In IAM create a Policy called <name> and paste the following JSON into the editor (note the <variables> you need to switch out for real values).

{
    "Version": "2012-10-17",
    "Statement": [
        {
            "Sid": "VisualEditor0",
            "Effect": "Allow",
            "Action": [
                "s3:PutObjectAcl",
                "s3:PutObject",
                "s3:GetObjectAcl",
                "s3:GetObject",
                "cloudfront:GetDistribution",
                "s3:GetBucketWebsite",
                "s3:DeleteObject",
                "s3:GetBucketAcl",
                "s3:GetBucketPolicy",
                "cloudfront:CreateInvalidation"
            ],
            "Resource": [
                "arn:aws:s3:::<name>/*",
                "arn:aws:s3:::<name>",
                "arn:aws:cloudfront::<AccountId>:distribution/<CloudFrontDistributionId>"

            ]
        },
        {
            "Sid": "VisualEditor1",
            "Effect": "Allow",
            "Action": [
                "s3:ListBucket",
                "cloudfront:ListDistributions"
            ],
            "Resource": [
                "*"
            ]
        }
    ]
}

NB. If you’re not using CloudFront for this environment you can safely delete those lines. If you are using the same credentials for more than one environment, simply add the extra bucket and/or CloudFront lines to the resources section (making sure to have a line for each bucket and another line for /* - all the items inside the bucket).

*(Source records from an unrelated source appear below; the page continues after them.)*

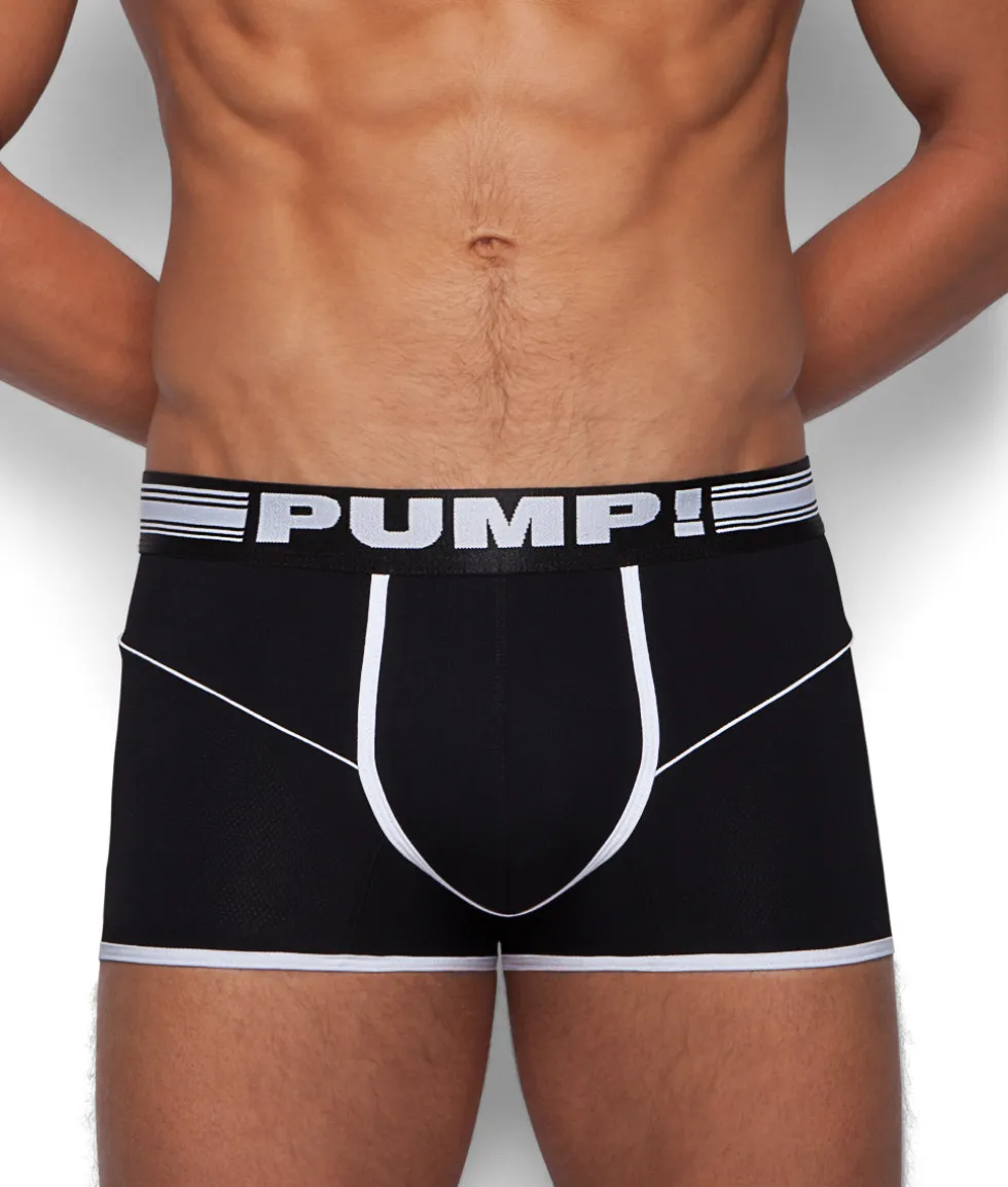 The PUMP! Black Free-Fit Trunk combines the athletic and sensual nature of PUMP! within a form that’s sleek and mysterious. Comprised of a Nylon/Elastane microfiber blend with mesh detailing, the Free-Fit Boxer is optimized to keep you cool and dry while possessing a luxurious hand-feel that’s durable and retentive. The low-rise, 7” leg and contoured pouch complement each other, providing an enhancing look, without compromising on support or comfort. The mesmerizing choice of monochromatic tones creates a visually-pronounced, yet subtle, take that’s both alluring and universally popular.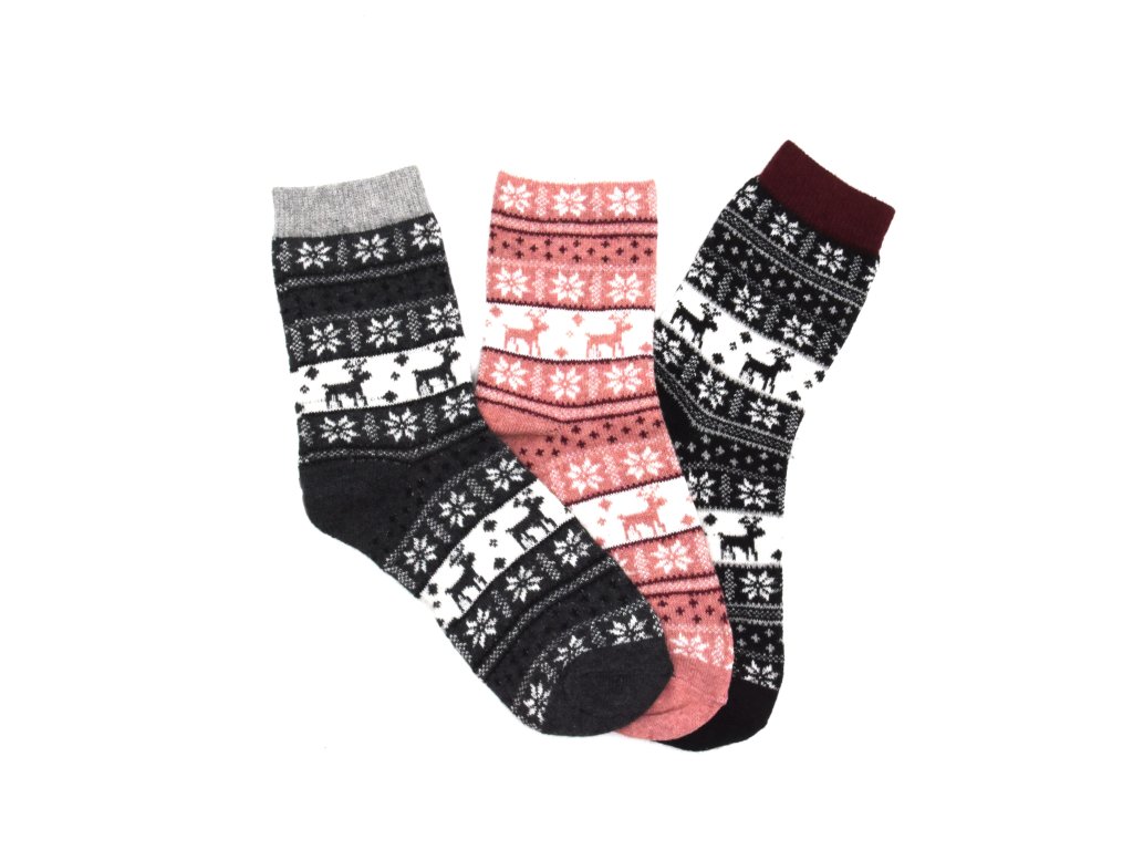 Dámske vlnené ponožky ANGORA s nórskym vzorom 3-pack - ružová/čierna/sivá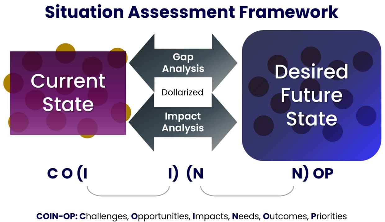 - How: Document the current state of sales performance compared to the desired future state using the COIN-OP framework (Challenges, Opportunities, Impacts, Needs, Outcomes, Priorities) and conduct a thorough gap and impact analysis.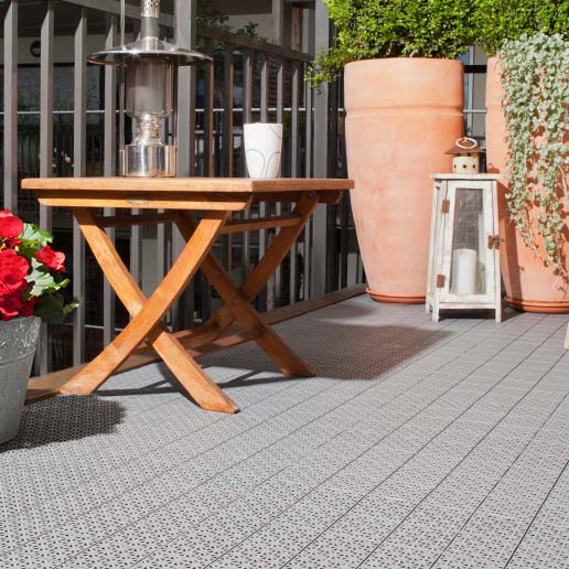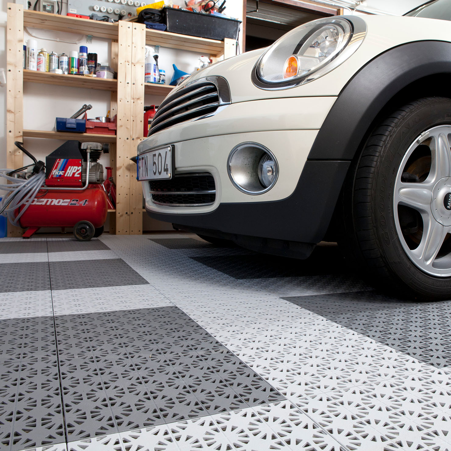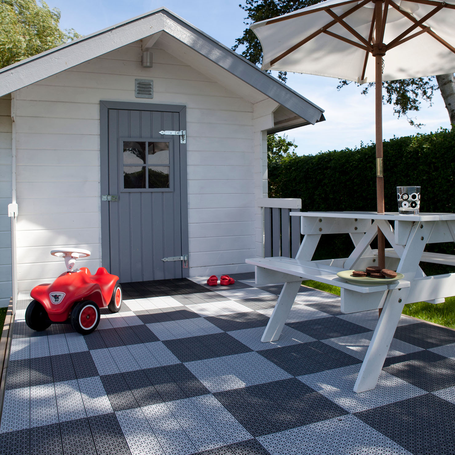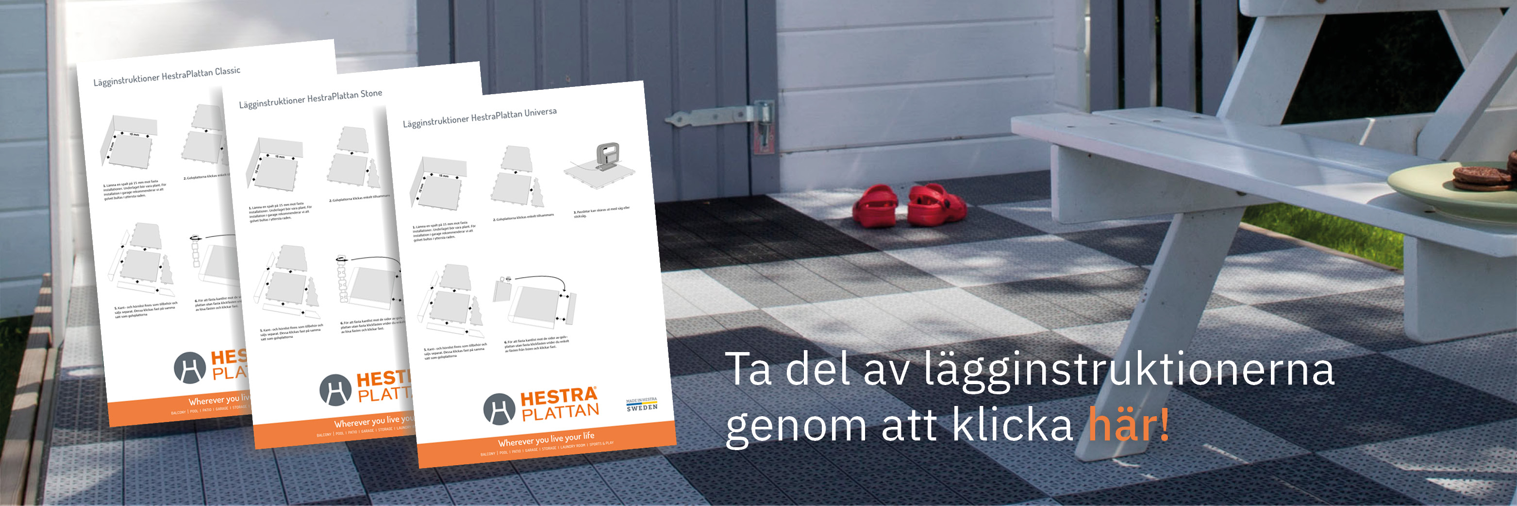 Med HestraPlattans golvplattor i plast kan du enkelt skapa en ombonad känsla var som helst. Golvplattorna passar både på uteplatsen, runt poolen, i groventrén eller tvättstugan, på balkongen, i uterummet eller förrådet. Några av våra plattor kan dessutom läggas i garaget. Kort sagt – med HestraPlattan får du ett slitstarkt golv med flera användningsområden!

Next, still in IAM, create a user also called <name>, and assign it the policy you just made. Give it programmatic access and make a note of the key and secret (but make sure the note can be deleted later; you don’t want this in a repo, a chat message or anything persistent). This is the user the CI system will use to deploy your front end.

The next step is making it easy for perm Signal Noise devs to perform the same operations as the CI user you’ve just made (ie deploying). Simply attach the new Policy to the DeveloperAccessFromMaster Role that you should find in IAM if the account was set up according to these instructions. Note that for high security environments you may not want to perform this step, or you may want to attach the policy to a custom role not available to all developers.

Lastly, set up CI using the key and secrets you noted above (you should have at least two: production and non-production, and perhaps more per-environment). Test a CI build and make sure it puts the right code in the right place and that it’s accessible via the CF endpoint.

Static hosting on GCP

We often use GCP for hosting static projects, or the non-production environments of static projects, since the AppEngine service gives the following easy-to-setup benefits over e.g. AWS S3:

Free HTTPS endpoint with no setup (for a non-custom domain)
Access controls, allowing only specified people, or e.g. only Signal Noise employees, to access the project, with no extra code
Easy concurrent version hosting, making CI integration simple and painless
Route mapping rules, for example making bare folders return index files (e.g. so /about maps to /about/index.html)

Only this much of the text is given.